Peacock a visé juste avec All Her Fault, une mini-série de huit épisodes qui fusionne la paranoïa de You avec la tension sociale de Big Little Lies. Interprétée par Sarah Snook dans le rôle de Marissa Irvine, une mère de la haute société dont la vie s'effondre lorsqu'elle découvre que la propriétaire de la maison où elle a laissé son fils Milo ne l'a jamais vu. À partir de cet instant, l'intrigue se transforme en un labyrinthe de mensonges et d'enlèvement qui maintient le spectateur scotché à l'écran.
Comment la production a numérisé l'angoisse maternelle 🎬
La série a utilisé des techniques de tournage multicaméra avec un éclairage LED contrôlé par IA pour capturer les expressions de Snook en temps réel, créant une atmosphère oppressante sans filtres excessifs.
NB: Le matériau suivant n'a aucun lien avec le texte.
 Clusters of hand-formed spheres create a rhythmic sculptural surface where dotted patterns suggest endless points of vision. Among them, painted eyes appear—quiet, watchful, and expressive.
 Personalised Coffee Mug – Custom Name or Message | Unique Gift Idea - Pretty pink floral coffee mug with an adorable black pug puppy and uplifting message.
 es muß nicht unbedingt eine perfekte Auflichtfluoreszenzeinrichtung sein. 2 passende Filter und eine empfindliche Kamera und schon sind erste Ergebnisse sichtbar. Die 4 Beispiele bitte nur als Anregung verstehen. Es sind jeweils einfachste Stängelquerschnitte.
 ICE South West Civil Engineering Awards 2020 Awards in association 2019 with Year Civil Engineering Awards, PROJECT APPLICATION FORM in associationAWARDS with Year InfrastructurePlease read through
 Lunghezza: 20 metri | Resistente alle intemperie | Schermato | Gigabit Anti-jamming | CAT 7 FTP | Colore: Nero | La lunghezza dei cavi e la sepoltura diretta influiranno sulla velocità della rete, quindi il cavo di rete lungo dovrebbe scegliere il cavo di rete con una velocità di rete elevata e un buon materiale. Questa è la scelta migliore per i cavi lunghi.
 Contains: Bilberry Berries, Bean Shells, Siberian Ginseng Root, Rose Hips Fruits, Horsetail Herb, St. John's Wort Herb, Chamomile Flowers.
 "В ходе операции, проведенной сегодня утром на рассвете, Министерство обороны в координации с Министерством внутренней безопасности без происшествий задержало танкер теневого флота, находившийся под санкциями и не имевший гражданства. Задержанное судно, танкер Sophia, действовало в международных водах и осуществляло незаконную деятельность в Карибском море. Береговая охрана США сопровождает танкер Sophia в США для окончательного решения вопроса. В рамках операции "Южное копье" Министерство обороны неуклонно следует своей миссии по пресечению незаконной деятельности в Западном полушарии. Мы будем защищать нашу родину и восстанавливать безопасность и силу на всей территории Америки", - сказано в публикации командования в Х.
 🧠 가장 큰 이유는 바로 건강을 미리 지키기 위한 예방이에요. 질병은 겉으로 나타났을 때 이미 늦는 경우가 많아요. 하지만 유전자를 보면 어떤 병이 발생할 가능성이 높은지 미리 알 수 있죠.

L'équipe de postproduction a appliqué un étalonnage des couleurs froid et désaturé dans les scènes de tension, contrastant avec les tons chauds des flashbacks. De plus, le son surround Dolby Atmos amplifie chaque murmure et claquement de porte, plongeant le spectateur dans l'angoisse d'une mère en quête de réponses.
Spoiler : ce n'est pas non plus la faute du WiFi 📱
Si quelqu'un s'attendait à ce que le rebondissement final se résolve avec un simple traçage GPS ou une application de localisation pour enfants, qu'il oublie. All Her Fault démontre que, même si vous investissez dans la domotique et les serrures intelligentes, le vrai danger reste humain. Et oui, Marissa a un téléphone dernier cri, mais ni Siri ni Alexa ne lui disent où se trouve son fils. Au final, la technologie n'est qu'un accessoire coûteux pour pleurer avec style.